Slater’s family huddled in a bathroom in the center of the mobile home, praying the tornado would dodge them. It didn't.
National Weather Service officials said Tuesday that Beauregard had about eight or nine minutes of warning before the EF4 tornado with 170 MPH winds hit shortly after 2 p.m.
“I said call me when it passes,” Slater said. “You always hear about them hitting, but you never think about it affecting you.”
Minutes later, the tornado — a mile-wide behemoth with the windspeed of a Category 5 hurricane — ripped through their neighborhood, and ripped through it hard. Most of the roof was torn off of Slater’s childhood home. Trees snapped in half and fell down around Slater's family.
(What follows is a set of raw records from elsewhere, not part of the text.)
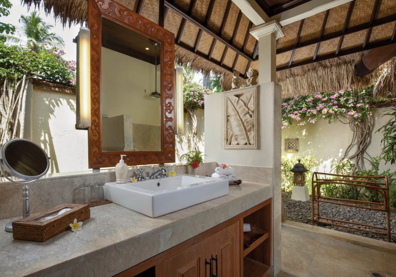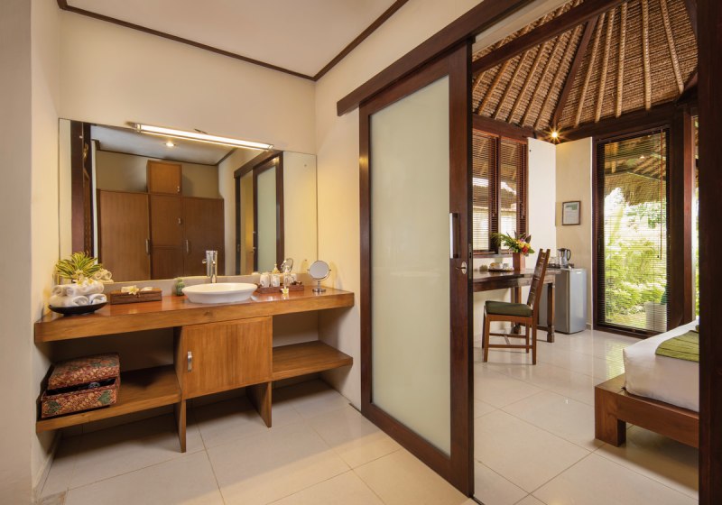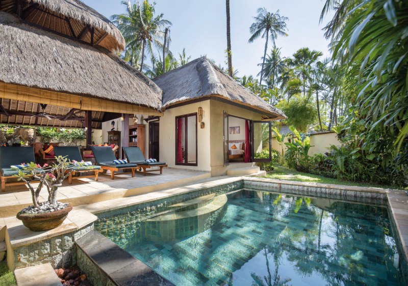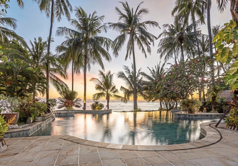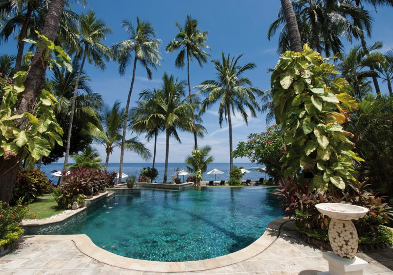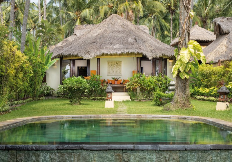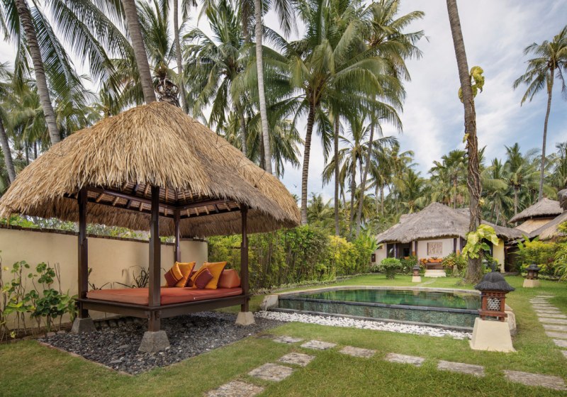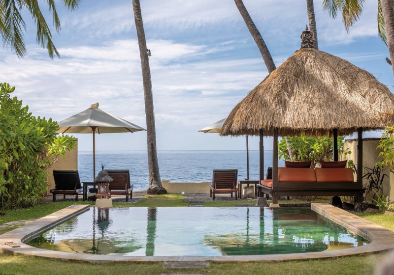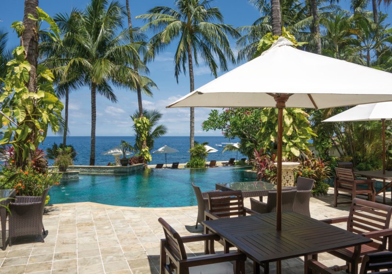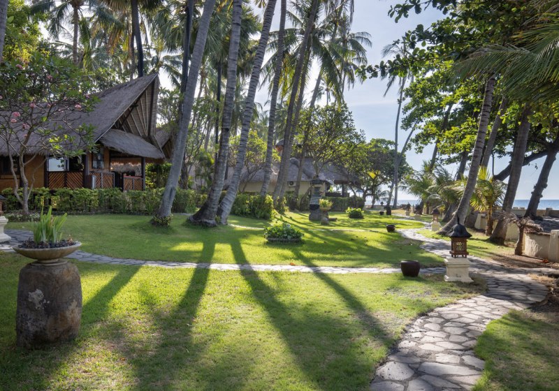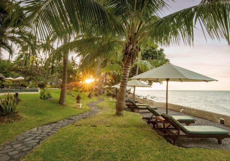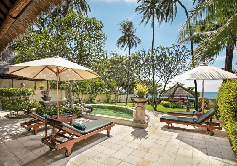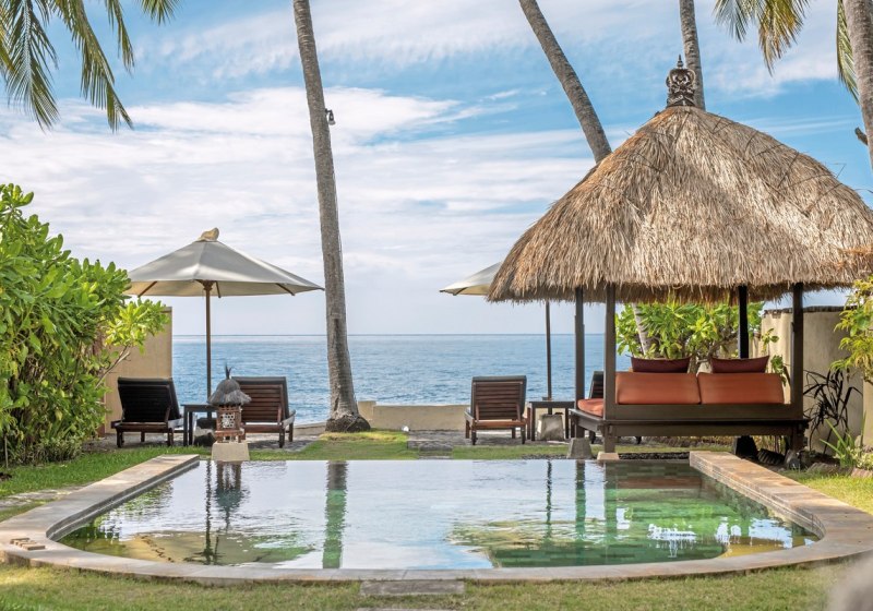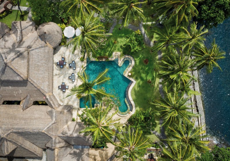 Im Alam Anda Ocean Front Resort & Spa wohnt Ihr in einer entspannten Rückzugswelt an Balis Nordostküste, direkt am Kiesstrand. Die Anlage ist bewusst überschaubar und setzt auf Raum und Grün: Ein weitläufiger Palmengarten umgibt 29 Bungalows und Villen, dazwischen der Außenpool mit Liegen, Sonnenschirmen und Badetüchern. WLAN trägt Eure Reisepläne durch die gesamte Anlage, während Ihr Euch zwischen Pool, Gartenwegen und Terrasse bewegt.
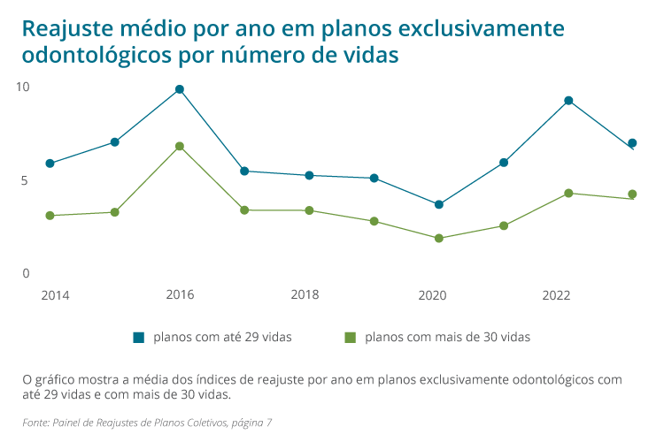 Reajuste médio operadoras exclusivamente odontológicas por porte
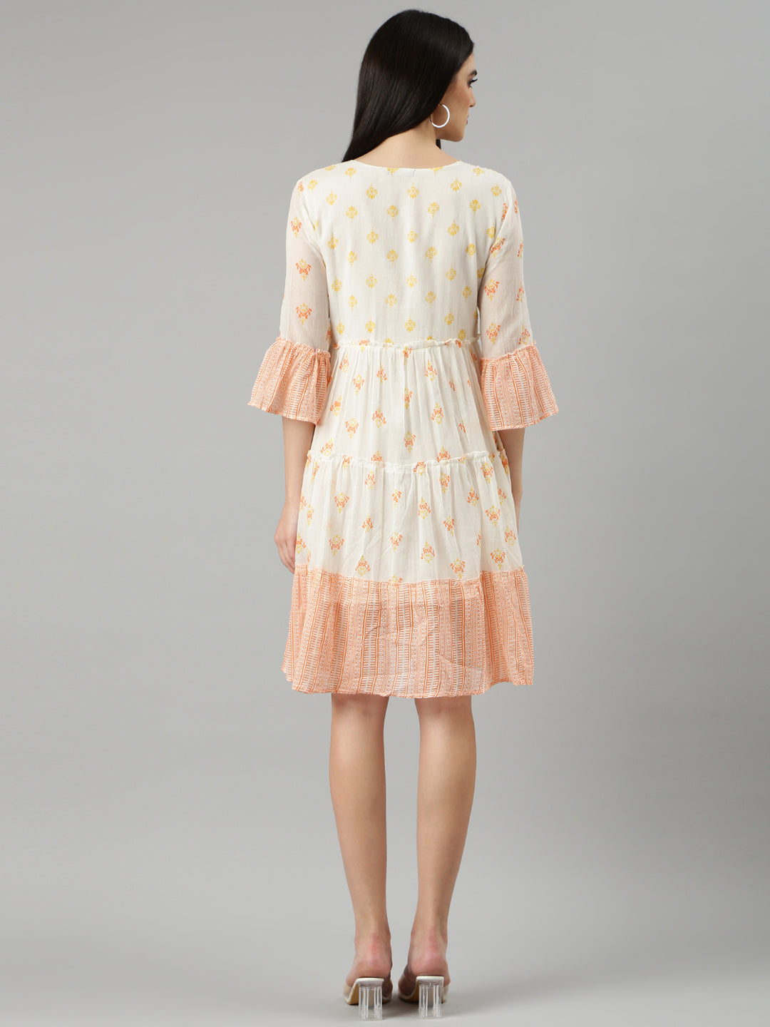 Women's Off White Floral Printed Bell Sleeve Fit and Flare Dress
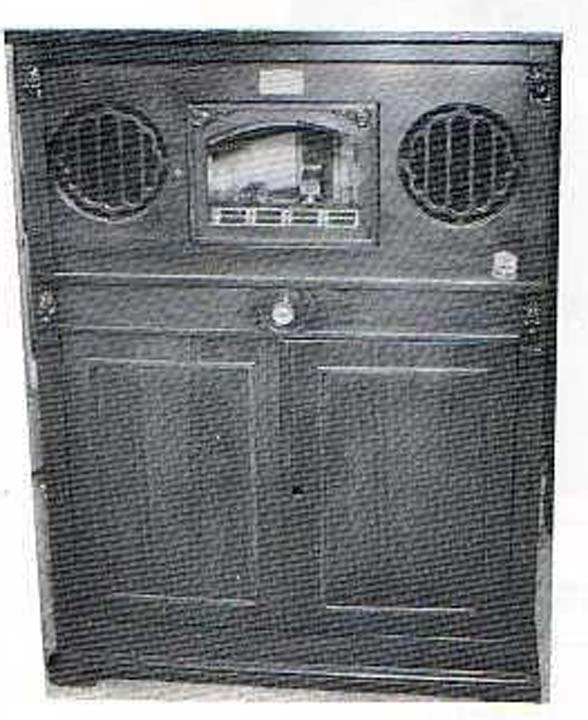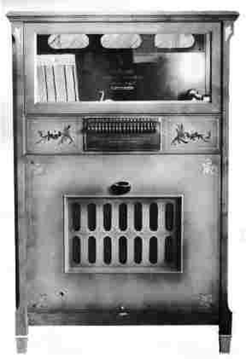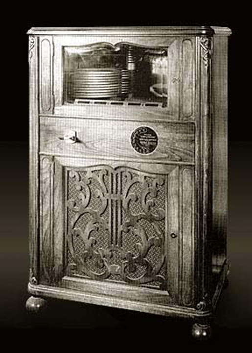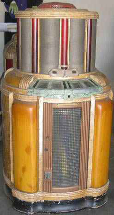 Jukeboxes When They Were "Boxes" The Wurlitzer Debutante, c. 1930 The Seeburg Audiphone, c. 1928 National Amusement (AMI) Model A, 1928 Click to Enlarge The general tone of American Society in the Swing Era was that (a) Things couldn't be much worse than the Great Depression; and (b) Science is going to provide a wonderful future for everyone. The former is probably true, but the latter has been marked with mixed success. Howver, Faith in the Future, stimulated by the 1933 Columbian Exposition and the 1939 World's Fair created an intense popular interest in new styles and new materials. The Depression was pretty dull -- people liked things that were new and bright. In the discussion on aesthetics below, we're going to get into this in a lot more detail. However, out technical look at jukebox design will be devoted to the orderly business process of introducing new designs to the market. It is important to note that the Jukebox of the 1930s had a regular life cycle. A new "Top Box" was placed in a high value environment, and gradually was sent down the value chain until it was salvaged. The various companies had a fairly large investment in mechanicals - the patents, production machinery and service training -- so they were reluctant to introduce radical changes in the underlying "hardware." Following the lead of the auto industry, jukebox manufacturers devoted most of their model changes to the exterior. While the appearance changed every year, the mechanicals changed very gradually -- in 1947, Wurlitzer jukeboxes were using a changer mechanism that was quite similar to that in 1930, the models differing only in terms of refinements that would increase revenue: more selections that were easier to make. As we have seen, AMI and Seeburg tried to compete on the basis of sound quality, but made only limited intrusion into Wurlitzer's market. Seeburg only took off when it offered a 100 (and then 200) selection machine. One consequence of the relatively unchanging internal mechanism were limits on the size and shape of the exterior. During the period 1930-1950, Wurlitzer machines "evolved" slowly from the "Box" to the "Arch" shape that has become iconic. All of the mcahines were designed by one man, Paul Fuller. The photo below shows the beginning and the end of the evolutionary process. In general, the year-to-year changes revolved around the vertical elements (the Pilasters) and the changer display in the "Crown". The early model lets you look at the changer through a window. The final model has a clear plastic nose cone that reminded many of the bombardier's compartment on a B-29. Evolution of the Wurlitzer Jukebox in the Golden Age From box to arch... Model 600 and Model 1100 pictured Click to Enlarge Click here if you want to learn how to get Patent Drawings

Her stepdad’s Coca-Cola delivery truck was knocked on its side, its windows shattered, falling into another vehicle in their yard.
“She called me about four minutes later and said, ‘It got us, baby. It got us,'” Slater said. “That's when she was crying and screaming.”
Unlike several other families who lost their loved ones Sunday, Slater still has a mother, a stepdad, her brother and two sisters. Her family survived the storm.
“Everybody made it out without a scratch,” Slater said.
Their's wasn't a tragic ending, but it will be a difficult road ahead.

Their home, however, didn’t survive.
The roof is gone from the part of the house where they sought shelter in a bathroom.
The National Weather Services recommends huddling in a small, windowless interior room with protection — preferably a helmet, pillows and a comforter — to shield the head and cover the body.
“That middle square, where there’s no roof," Slater said, pointing to what was left of the home. "They were all there in that bathroom huddled together."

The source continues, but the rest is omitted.